In this study, distribution of airway narrowing responses across a portion of the porcine bronchial tree was determined in vitro. The portion comprised contiguous airways spanning bronchial generations (#3-11), including the associated side branches. We used a recent optical imaging technique, anatomical optical coherence tomography, to image the bronchial tree in three dimensions. Bronchoconstriction was produced by carbachol administered to either the adventitial or luminal surface of the airway. Luminal cross sectional area was measured before and at different time points after constriction to carbachol and airway narrowing calculated from the percent decrease in luminal cross sectional area.

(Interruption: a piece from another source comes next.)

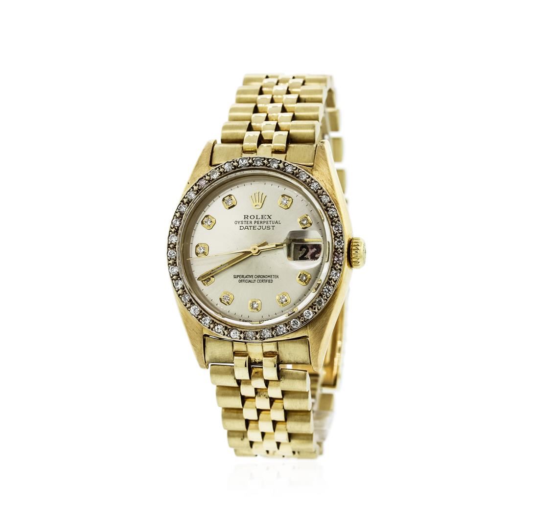 One gents, hand crafted & machine milled Rolex DateJust Model wristwatch electronically tested. 18KT yellow gold, Case: 35mm oyster, 18KT yellow gold Crown: twin lock with logo, Custom Bezel: diamond set, Crystal: acrylic cyclops lens. Movement: superlative chronometer, Custom Dial: Silvered, with baton hands & diamond markers, Date Window: 3 o'clock position non-quick set, Custom Date Wheel: Red numerals, Bracelet: 14KT yellow gold, bright & satin finish, Condition: G-4 Average. Seven and one half inch length. Standard clasp, with logo. Containing: Thirty Four prong set round brilliant cut diamonds, approximate total weight equals 0.80ct. Set & graded in the bezel. Clarity I-1 to I-2. Color G - I. Total Weight of Diamonds 0.80ct. Total Weight of Watch 107.03 grams. AIG appraised at $14,000.00. AIG Appraised at $14,000.00.

When administered to the adventitial surface, the degree of airway narrowing was progressively increased from proximal to distal generations (r = 0.80 to 0.98, P < 0.05 to 0.001). This 'serial heterogeneity' was also apparent when carbachol was administered via the lumen, though it was less pronounced. In contrast, airway narrowing was not different at side branches, and was uniform both in the parent and daughter airways.
Our findings demonstrate that the bronchial tree expresses intrinsic serial heterogeneity, such that narrowing increases from proximal to distal airways, a relationship that is influenced by the route of drug administration but not by structural variations accompanying branching sites.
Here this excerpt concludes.